Start of SUPPLIED RECORDS
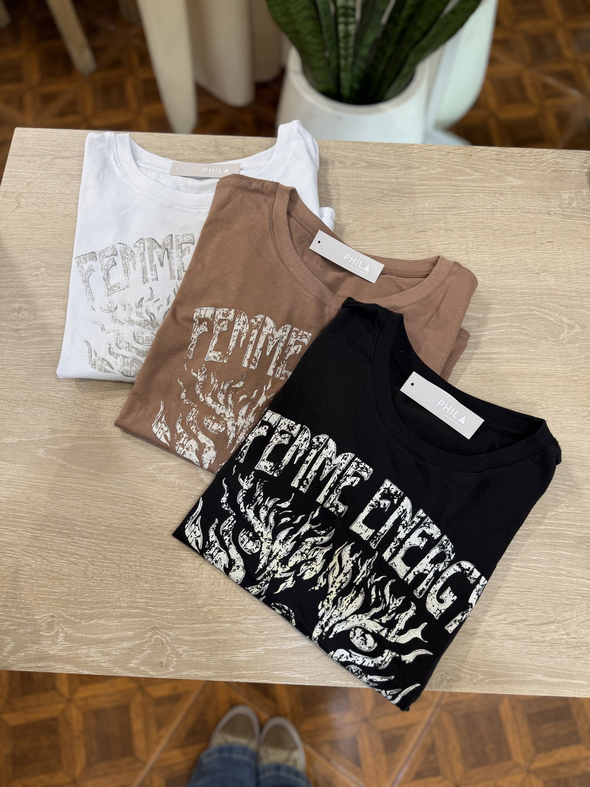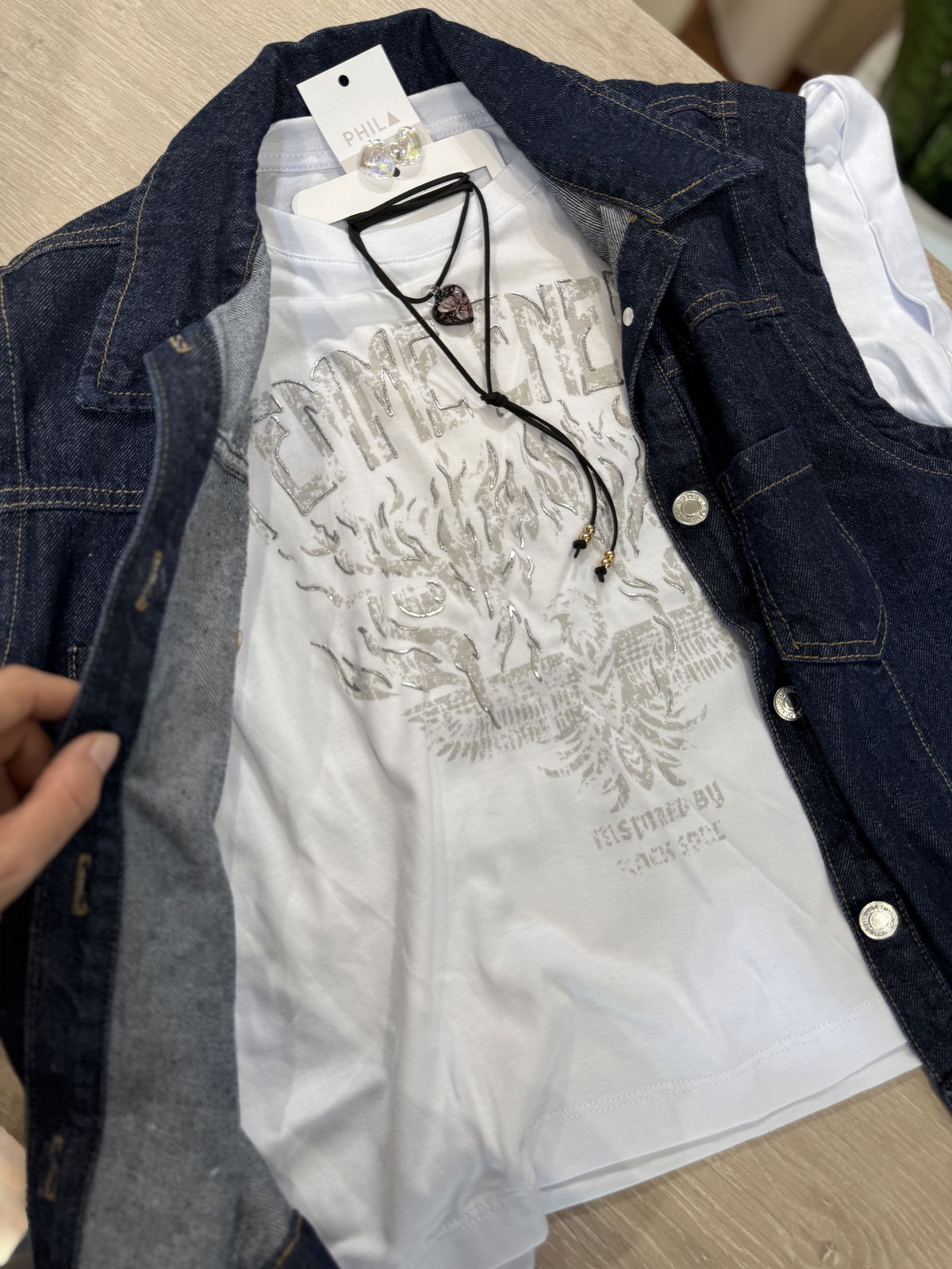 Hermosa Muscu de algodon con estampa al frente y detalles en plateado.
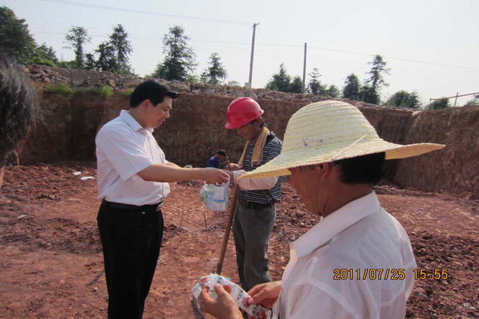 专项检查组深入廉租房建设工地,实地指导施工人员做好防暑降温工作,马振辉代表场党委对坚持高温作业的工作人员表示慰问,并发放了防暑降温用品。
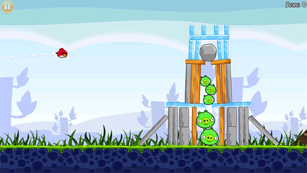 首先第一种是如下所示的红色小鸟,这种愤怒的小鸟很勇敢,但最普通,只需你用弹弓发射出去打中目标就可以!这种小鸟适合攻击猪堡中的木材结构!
End of SUPPLIED RECORDS
Start of SUPPLIED RECORDS
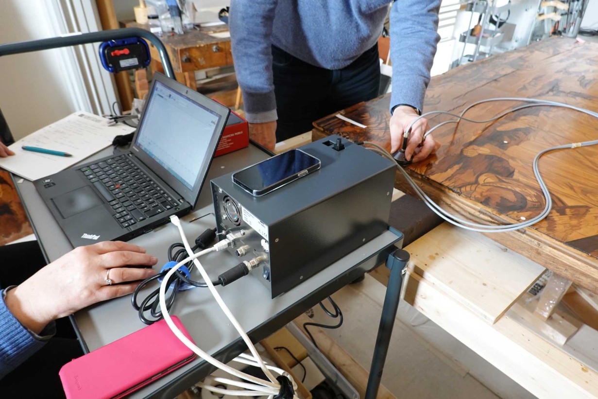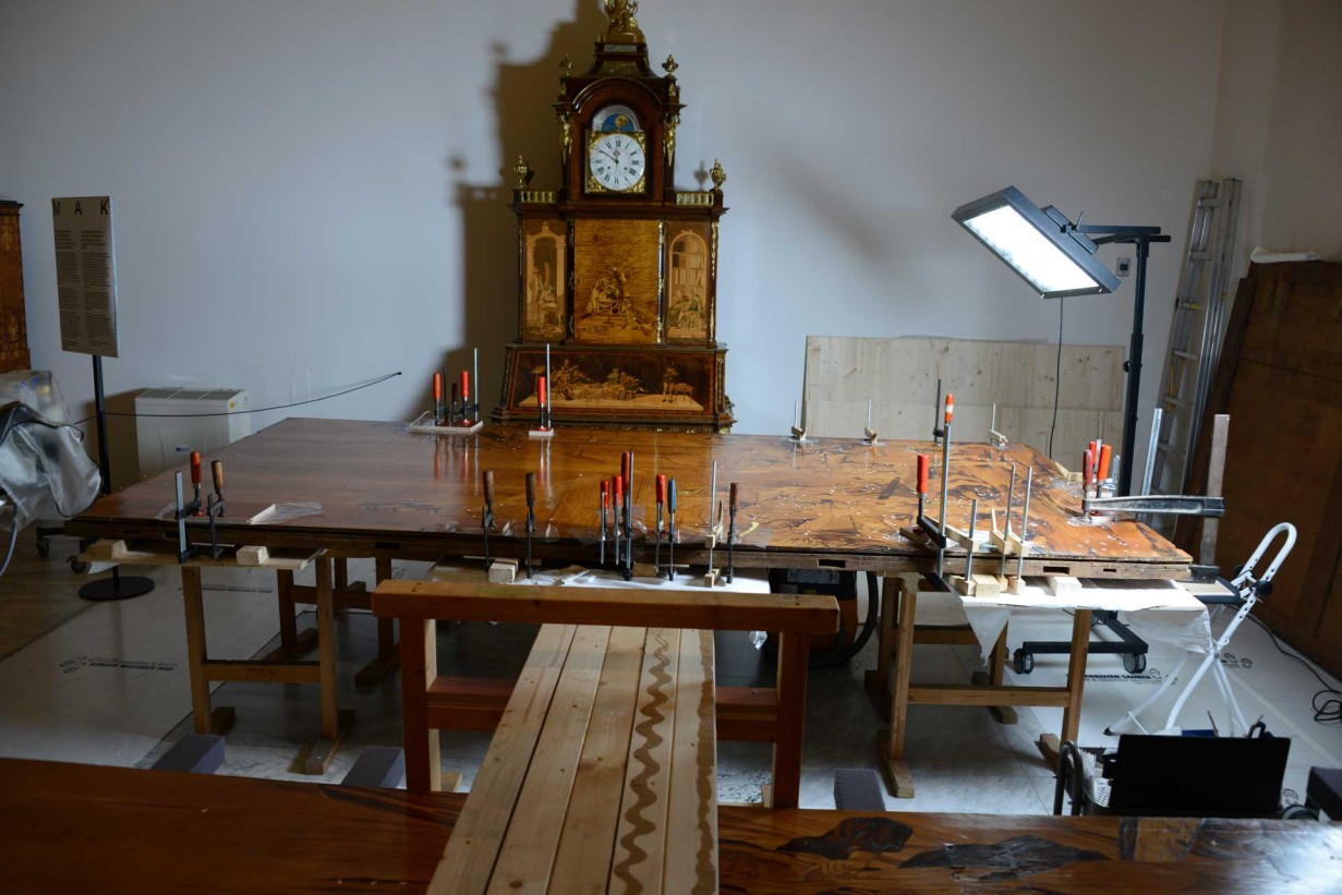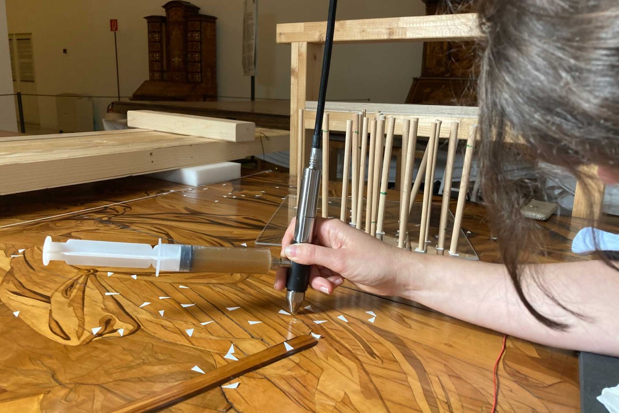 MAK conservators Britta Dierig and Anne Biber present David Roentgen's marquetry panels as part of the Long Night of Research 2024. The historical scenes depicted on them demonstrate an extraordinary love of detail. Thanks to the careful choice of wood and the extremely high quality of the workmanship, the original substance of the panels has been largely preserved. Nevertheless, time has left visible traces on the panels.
End of SUPPLIED RECORDS
Start of SUPPLIED RECORDS
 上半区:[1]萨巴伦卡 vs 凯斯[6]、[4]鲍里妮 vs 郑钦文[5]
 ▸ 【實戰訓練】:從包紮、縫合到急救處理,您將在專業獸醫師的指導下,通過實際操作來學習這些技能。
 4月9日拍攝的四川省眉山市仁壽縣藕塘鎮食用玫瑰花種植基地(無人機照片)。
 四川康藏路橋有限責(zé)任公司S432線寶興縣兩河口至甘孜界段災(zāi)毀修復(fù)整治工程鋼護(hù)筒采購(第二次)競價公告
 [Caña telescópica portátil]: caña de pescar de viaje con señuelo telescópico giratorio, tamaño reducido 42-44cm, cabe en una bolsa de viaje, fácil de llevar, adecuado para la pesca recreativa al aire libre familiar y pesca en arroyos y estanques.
End of SUPPLIED RECORDS
ACTIVITY: Skip every picture, and restate word for word only the lines above from the line containing "Hermosa Muscu de" to the line containing "首先第一种是如下所示的红色小", both of them included.

EXERCISE OUTPUT:
 Hermosa Muscu de algodon con estampa al frente y detalles en plateado.
 专项检查组深入廉租房建设工地,实地指导施工人员做好防暑降温工作,马振辉代表场党委对坚持高温作业的工作人员表示慰问,并发放了防暑降温用品。
 首先第一种是如下所示的红色小鸟,这种愤怒的小鸟很勇敢,但最普通,只需你用弹弓发射出去打中目标就可以!这种小鸟适合攻击猪堡中的木材结构!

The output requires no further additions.